YOUR INSTRUCTIONS> Each line below containing the word "just" needs to be shown.

DATASET ENTRIES>
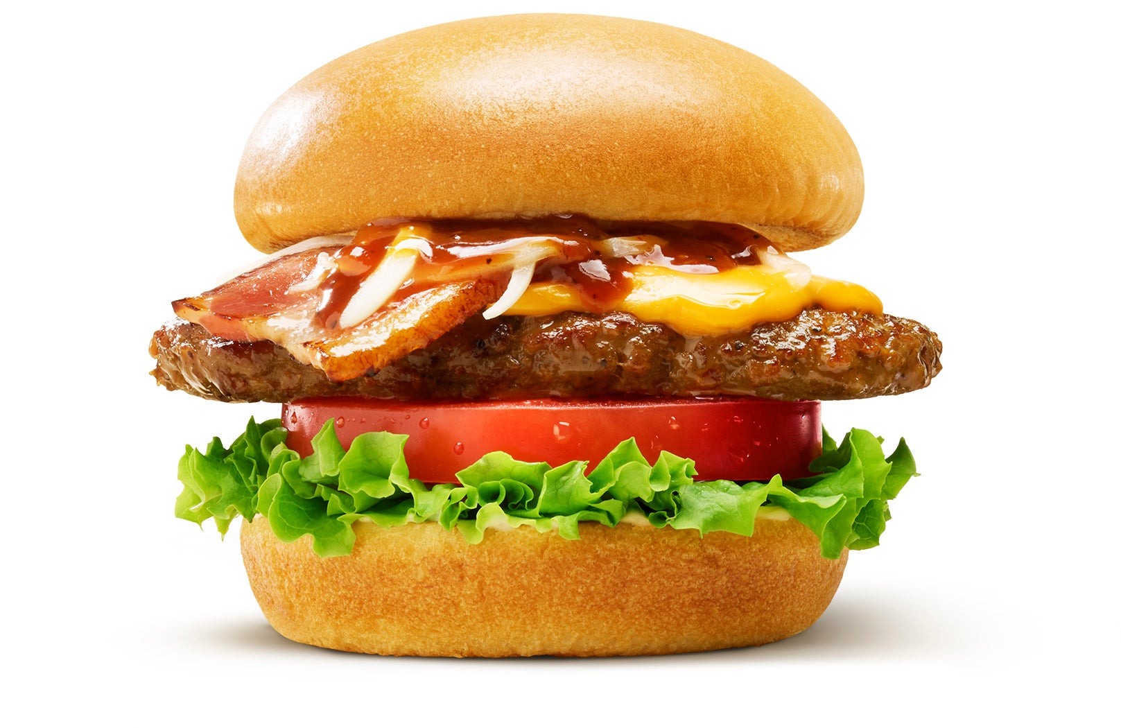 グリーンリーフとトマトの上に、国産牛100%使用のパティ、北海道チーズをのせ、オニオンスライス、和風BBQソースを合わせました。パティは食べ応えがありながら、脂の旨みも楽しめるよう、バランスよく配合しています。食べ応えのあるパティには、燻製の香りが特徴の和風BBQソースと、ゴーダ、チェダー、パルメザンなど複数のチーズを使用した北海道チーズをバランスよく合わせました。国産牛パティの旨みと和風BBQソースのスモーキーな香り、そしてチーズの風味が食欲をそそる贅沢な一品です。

--

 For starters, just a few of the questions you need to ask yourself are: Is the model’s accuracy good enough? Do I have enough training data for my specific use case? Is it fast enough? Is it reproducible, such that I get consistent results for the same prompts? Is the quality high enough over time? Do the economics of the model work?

==

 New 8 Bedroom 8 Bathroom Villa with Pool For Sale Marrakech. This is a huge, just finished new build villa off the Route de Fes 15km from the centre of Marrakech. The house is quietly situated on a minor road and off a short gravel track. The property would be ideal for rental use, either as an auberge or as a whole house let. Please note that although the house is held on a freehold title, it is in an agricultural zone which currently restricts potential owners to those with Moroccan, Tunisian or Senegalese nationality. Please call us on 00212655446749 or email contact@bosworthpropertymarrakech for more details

RESPONSE AREA>
 For starters, just a few of the questions you need to ask yourself are: Is the model’s accuracy good enough? Do I have enough training data for my specific use case? Is it fast enough? Is it reproducible, such that I get consistent results for the same prompts? Is the quality high enough over time? Do the economics of the model work?
 New 8 Bedroom 8 Bathroom Villa with Pool For Sale Marrakech. This is a huge, just finished new build villa off the Route de Fes 15km from the centre of Marrakech. The house is quietly situated on a minor road and off a short gravel track. The property would be ideal for rental use, either as an auberge or as a whole house let. Please note that although the house is held on a freehold title, it is in an agricultural zone which currently restricts potential owners to those with Moroccan, Tunisian or Senegalese nationality. Please call us on 00212655446749 or email contact@bosworthpropertymarrakech for more details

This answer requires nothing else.